LOL! I missed the ‘fuel sfh purchases’ part of your question.
My advice still holds.
Your first source of financing, should be sellers, not be banks. Your first source of down payments should also be the seller, and not what you’ve earned.
That said, go find everything that Robert Allen has written on “Nothing Down” (no down payment formulas).
Actually Bernard Zick taught him most of what he knows, but Zick is dead, and it’s like pulling teeth to get people to sell their Zick Materials.
Otherwise, one of my students uses the cash flow system I taught him to fund his commerical rehab business. It’s basically what you want to do, but he’s not buying SFH with his cash-flow.
He wasn’t a newbie, so he had confidence to wade into the half-million dollar price points, and flipped the financing on two houses, and within four months he had over $80,000 to work with on his commerical rehab business.
To give you some perspective, he was stalled investing-wise, and his credit was still wrecked from the bubble; losing five houses to foreclosure. However, he and his wife had good-paying jobs, and so coming up with some working capital wasn’t an issue. Something like $15,000.
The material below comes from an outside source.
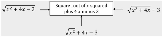 Notably, the mathematical operators employed as delimiters for the fragments may encompass one or more elements within them. These elements encompass fractions, roots, parentheses, and trigonometric functions. Figure 4 visually demonstrates this concept, showcasing text string separations at the fraction and root’s commencement and conclusion. This strategic separation facilitates accurate recognition of the arguments within these operators.
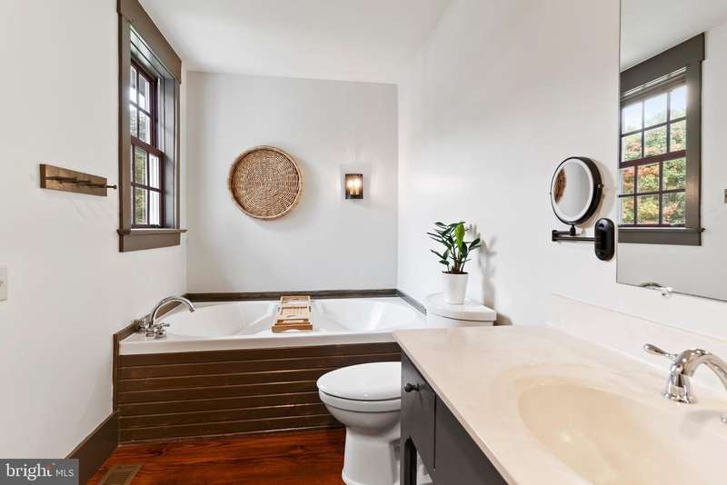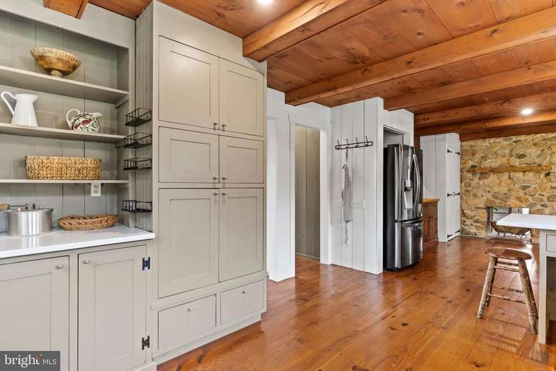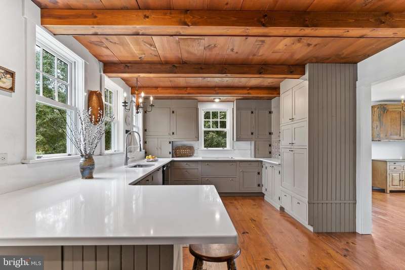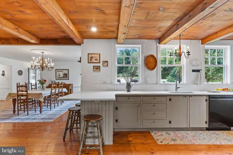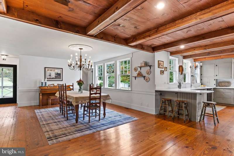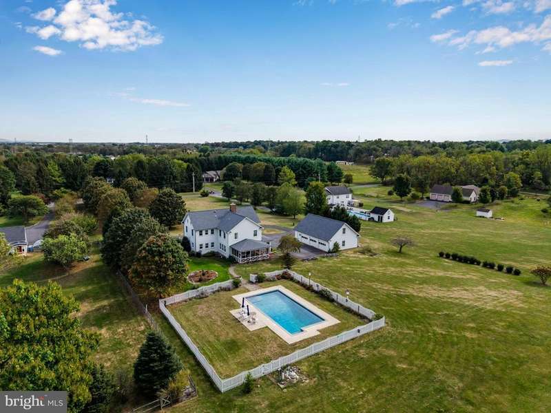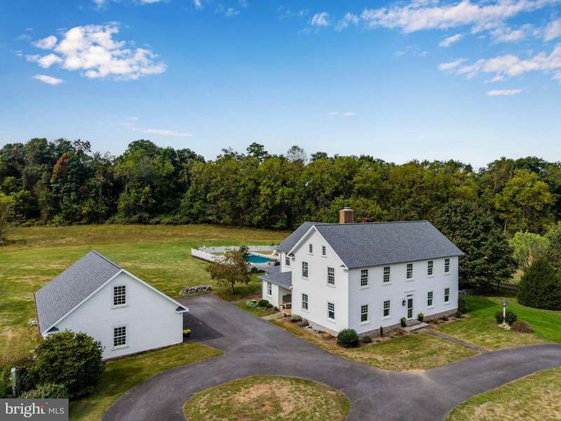 A picturesque long driveway highlighted by beautiful, mature sugar maple trees paves the way to this stunning home, formerly showcased in Country Living magazine. You're guaranteed to appreciate this beautifully designed modern Colonial, nestled upon 5 acres of serene countryside. Custom-built in 2003, this home blends timeless craftsmanship with current, and recent modern finishes throughout. Reclaimed, random-width pine flooring salvaged from a historic Connecticut barn, pairs seamlessly with painted knotty pine trim and woodwork and many period-inspired fixtures. The centerpiece of this home features a fantastic Kitchen and Dining Room, with solid wood cabinetry with inlaid doors, brand new quartz counters, and nearly brand new black stainless steel Refrigerator, Dishwasher, built-in Wall Oven, Cooktop, and deep, stainless steel country sink, all contiguous through a beautiful beamed ceiling. Adjacent keeping room with built-in cabinets and pantry with aesthetic double-sided wood burning fireplace, constructed with stone from the property. Fluid entertaining in the grand Dining Room, with chandelier and northern facing wall of windows. The Formal Living Room is a wonderful space to relax in abundant natural light, with mantle and built-in cabinets. Foyer and Entryway provide passage to the den or office to provide a flex space for homeowners. Spacious First Floor half bath and Mudroom with utility sink and shelving, too. Two options to access the comfortable 2nd floor with brand new Stainmaster carpet in all four Bedrooms, including the private Primary Bedroom with faux brick fireplace, walk-in closet and built-in drawers, complete with en-suite bath highlighted by double vanities, jetted soaking tub, and shower. The additional Bedrooms offer generous spaces, one with a wall of built-in cabinets and desk, and plenty of windows for light, complimented by a guest Bath with shower/tub combo and custom vanity. The convenient second floor laundry room with utility sink and folding table also provides pull down access to attic for additional storage. Enjoy company in the finished Lower Level, complete with a fantastic wet bar adjacent to the Family Room which is wired for sound, and Bonus area which provides a wonderful option for in-home fitness. The 5th Bedroom offers privacy for guests or the perfect space for the craftsperson with adjacent bath. A show-stopping screened in porch with brick floor, beadboard ceiling, and double fans provides a relaxing space and leads to the beautiful 20x40 foot in-ground concrete and slate pool with white picket fence - brand new pool pump and filter installed in June of 2025. The detached 3-bay Garage with 2nd story for additional storage has elevated space for larger vehicles or project cars. This property is complete with a new Atlas Signature Select roof on the house and garage, new Rheem Performance Plus Hot Water Heater, geothermal heatpump, water conditioning, sun tunnel skylights, and much much more. All this in Cumberland Valley Schools, Silver Spring Township, and a fantastic location to call home for future homeowners. Don't wait to appreciate all the blends of timeless history and modern elements that this one-of-a kind home has to offer.

On the first house he had to pay three back payments, which he paid from the down payment he received on the sale he financed. On the second house, the seller wanted five thousand ‘just because’. So, it cost my student about $9k plus advertising to 2,500 prospects once a month for what turned out to be two months, before he got distracted by his commercial rehab steal deal.
His one-time costs included:
- professional house cleaning,
- lawn mowing,
- pool cleaning,
- window washing,
- carpet cleaning,
- a mailing list,
- my training
- time writing and posting classifieds
- time, gas, materials placing bandit signs
- postage and mailing service
- attorney review of his documents
All that, in return for $80k in four months.
I don’t know where, or how else, you can make a quick $80k to fuel your SFH investing, for little more than a $9k investment. Even then, half that investment was paid for out of a buyer’s down payments. So, it was more like $6k plus costs to put $80k in the bank.
To be fair, that was pre-tax profits. However, he didn’t have to pay taxes for at least a year later.
That’s one suggestion that’s actionable, and realistic.